As US envoy visits, Mideast struggles

Two attacks Sunday complicate Anthony Zinni's delicate Mideast mission.

US mediator Anthony Zinni has arrived in the Middle East with a new approach, but it is not producing immediate results.

As violence flared yet again yesterday, a Western diplomat involved in the negotiations said the two sides were "stuck" over how the Israelis should withdraw their forces from Palestinian areas and how the two sides can complement cease-fire talks with a discussion about an overall settlement of their differences.

In Gaza – where a massive crowd yesterday buried a woman, her three children, and a nephew killed on Friday in an explosion each side attributes to the other – people were not optimistic about Mr. Zinni's chances.

"If there's no political solution there will be no security, and that is the problem with Zinni," said Col. Abu Ibrahim Al Awawdeh of the Palestinian Preventive Security service, a force created in part to prevent attacks against Israelis.

Israelis, too, were doubtful, with senior officials registering dismay at two attacks yesterday, a suicide bombing in a Jerusalem suburb and a shooting rampage in the town of Kfar Saba north of Tel Aviv.

"Israel has offered a cease-fire, pulled back most of its forces in good faith, and this seems to be the answer Israel is receiving," Dore Gold, an adviser to Prime Minister Ariel Sharon, told The Associated Press.

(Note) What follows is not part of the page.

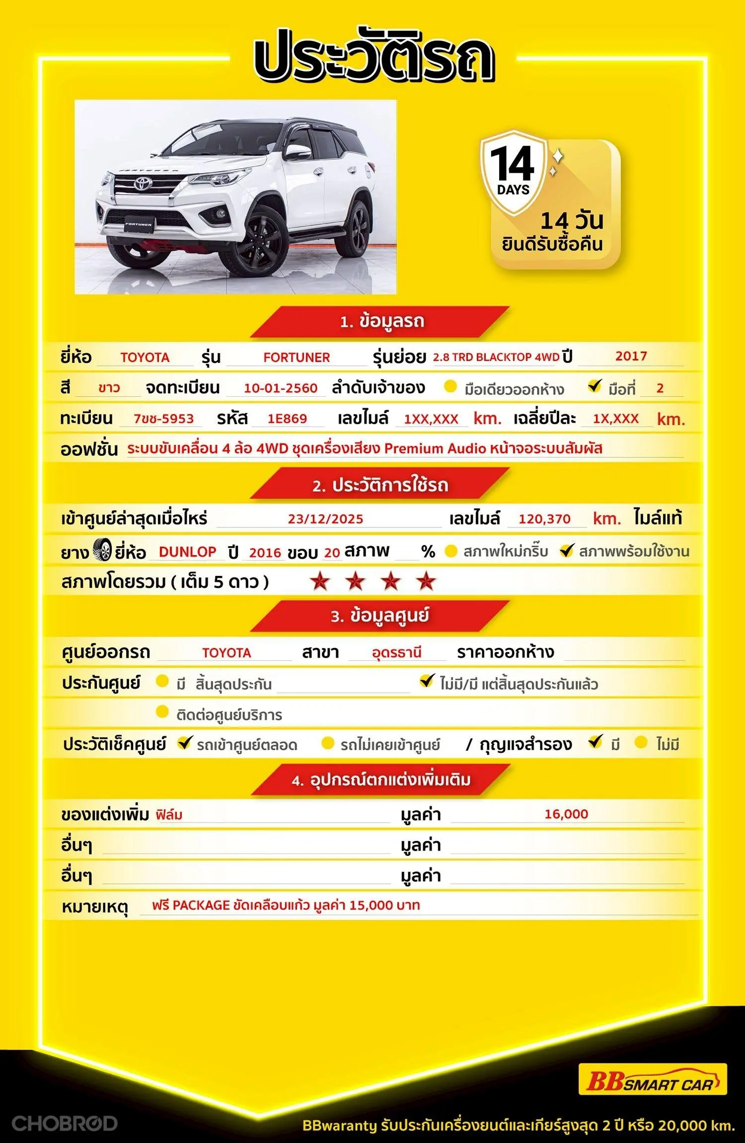 TOYOTA FORTUNER 2.8 TRD BLACKTOP 4WD AT 2017 ออกรถ 0 บาท 899,000 บ. Line : @**********แสดงข้อมูล 🔥มีรถให้เลือกมากกว่า 1,800 คัน 🔥รถทุกคันผ่านตรวจสอบ Inspection เรียบร้อยแล้วค่ะ ผ่าน 5 ดาวทุกคันค่ะ 🔥ซื้อรถกับ BB พร้อมให้คำปรึกษา แก้ทุกปัญหา ให้ทุกเรื่อง บริการ call center 24 ชม. 🔥BB Care Plus รับประกันหลังการขาย สูงสุด 2 ปี หรือ 20,000 km. 🔥ฟรี!! แพคเก็จ ขัดเคลือบแก้ว มูลค่า 15,000 บาท ทุกคัน 🔥มี 6 สาขา ในกรุงเทพและปริมณฑลใกล้บ้านท่าน สาขา 1 สี่แยกมไหสวรรย์ ใกล้เดอะมอลล์ท่าพระ รหัสรถ 1E869 ราคา 879,000 บาท ผ่อนเพียง 13,544 บาท Brand. : TOYOTA Year. : 2017 Model. : FORTUNER Grade. : 2.8 TRD BLACKTOP 4WD Engine. : 2800 CC Type. : ดีเซล Gearbox : AT Color. : ขาว-ดำ Mileage. : 122,XXX KM. (ซื้อสด ราคานี้ยังไม่รวมค่าดำเนินการ 10,000 บ.) 🚩 Price. 879,000 บาท ยอดจัด : 889,000 บาท เงินดาวน์ : 0 บาท ประกันภัย : ค่าดำเนินการ : 10,000 บาท รวมออกรถ : 0 บาท ผ่อน 36 งวด = 26,058 บาท ผ่อน 48 งวด = 20,046 บาท ผ่อน 60 งวด = 16,657 บาท ผ่อน 72 งวด = 14,901 บาท ผ่อน 84 งวด = 13,544 บาท เงื่อนไขเป็นไปตามที่ไฟแนนซ์กำหนด โปรโมชั่นพิเศษ สำหรับลูกค้าเครดิตดีลือกรับเรทดอกเบี้ยพิเศษ 📍36 งวด = 1.29 % 📍48 งวด = 1.99 % 📍60 งวด = 2.39 % 📍72 งวด = 3.59 % 🔥 เงื่อนไข โปรโมชั่น ดอกเบี้ยเริ่มต้น 1.29% ตลอดอายุสัญญา - ยอดจัดไฟแนนซ์ 300,000-600,000 บาท - ผ่อนสูงสุด 72 เดือน - เป็นลูกค้าประวัติดี พนักงานประจำเงินเดือน 20,000 ขึ้นไป - ค่าดำเนินการแคมเปญ 20,000 บาท (รวมในยอดจัดได้) 🎗Car Hightlight รถสวยๆ วันนี้ขอแนะนำ TOYOTA FORTUNER 2.8 TRD BLACKTOP 4WD AT 2017 จุดเด่นออฟชั่น 1 : ระบบขับเคลื่อน 4 ล้อ 4WD ชุดเครื่องเสียง Premium Audio หน้าจอระบบสัมผัส Touchscreen 2 : พวงมาลัยหุ้มหนัง พร้อมลาย Carbon Kevlar 3 : ช่องเก็บของด้านบนพร้อมสัญลักษณ์ TRD Sportivo 🎗ภายใน AIRBAG ABS 🎗ภายนอก กันชนหน้าออกแบบใหม่ พร้อมสเกิร์ตในตัว กันชนหลังออกแบบใหม่ พร้อมสเกิร์ตในตัว กระจังหน้า สีรมดำ Dark Chrome Wrapping Film สีดำ Matt Black Top ติดตั้งบนหลังคา (มีเฉพาะรุ่นตัวถังสีขาว) คิ้วขอบป้ายทะเบียนหลัง สีรมดำ Dark Chrome ป้ายสัญลักษณ์รุ่นพิเศษ TRD Sportivo ปลอกปลายท่อไอเสีย TRD Sportivo ล้ออัลลอย ขนาด 20 นิ้ว ลาย 6 ก้าน สีรมดำ TRD Sportivo ยาง Dunlop ขนาด 265/50 R20 คอยล์สปริง และ ช็อคอัพ เซ็ตอัพใหม่จาก TRD Sportivo

After a week of large-scale invasions of Palestinian areas in the West Bank, the largest of such operations since the 1967 Arab-Israeli War, Israeli forces have indeed withdrawn considerably from the positions they held last week.

But yesterday Israeli troops advanced farther into Bethlehem, a town under full Palestinian control, and they remain in the next-door town of Beit Jala, which is also nominally under the control of the Palestinian Authority.

Negotiating the withdrawal of these troops, as well as others in Palestinian areas, is complicating Zinni's mission. Echoing a Palestinian demand for a full pullback before the commencement of cease-fire talks, US officials have demanded that Mr. Sharon comply.

But the Western diplomat, who spoke on condition of anonymity, said the Israelis were refusing to pull back completely without guarantees from the Palestinian Authority that it would step in to those areas to protect Israel's security. Working out such arrangements amounts to a resumption of security talks, something the Palestinians refuse to do unless there is a complete withdrawal without concomitant political discussions.

These conditions, in turn, pose complications for the Israelis. In another significant gesture to Zinni, the Israelis have agreed to engage in some sort of political discussions – a step that until now the Israeli leader has said he would not take until the Palestinians stopped their attacks against Israelis. Sharon faces political pressure not to talk peace with the Palestinians until he fulfills an overdue campaign promise to restore Israelis' sense of security. At the same time, the alarming level of Israeli-Palestinian violence has prompted the Bush administration to take an unusually active role in efforts to calm things down.

Still, the complications are not stopping Palestinians from celebrating what they see as an improvement in Zinni's approach. During two earlier Zinni missions, according to diplomats involved in the discussions, the retired Marine general concentrated largely on pressuring the Palestinians to implement a cease-fire. He did not appear to have the leeway to pressure Sharon to make concessions.

That onesidedness seems to have changed, says Nabil Shaath, a Palestinian cabinet minister. "I see real pressure for the pullout and for the implementation of the Tenet [cease-fire plan] and for restarting political talks – for restarting the peace process," he says.

But even if Zinni can resurrect negotiations between Israel and the Palestinian Authority, it is an increasingly open question whether militant Palestinian groups will go along with it.

Marwan Barghouti, a leading Palestinian politician who has been a strident advocate of using force to pressure the Israelis toward compromise, sees no reason to desist from this tactic. Even if the Israelis do pull out of Palestinian-controlled areas, says Mr. Barghouti, "Palestinian military resistance will continue."

There is skepticism among Palestinians over the true motives behind Zinni's mission. No one here has overlooked the travels of another senior US official – Vice President Dick Cheney – who is in the Middle East to win Arab support for a possible US move against Iraqi President Saddam Hussein. As Colonel Al-Awawdeh said from a mourning tent in Gaza, "Zinni came to the area to make it easier for the United States to attack Iraq."

• Ben Lynfield contributed to this report from Bureij refugee camp, in Gaza.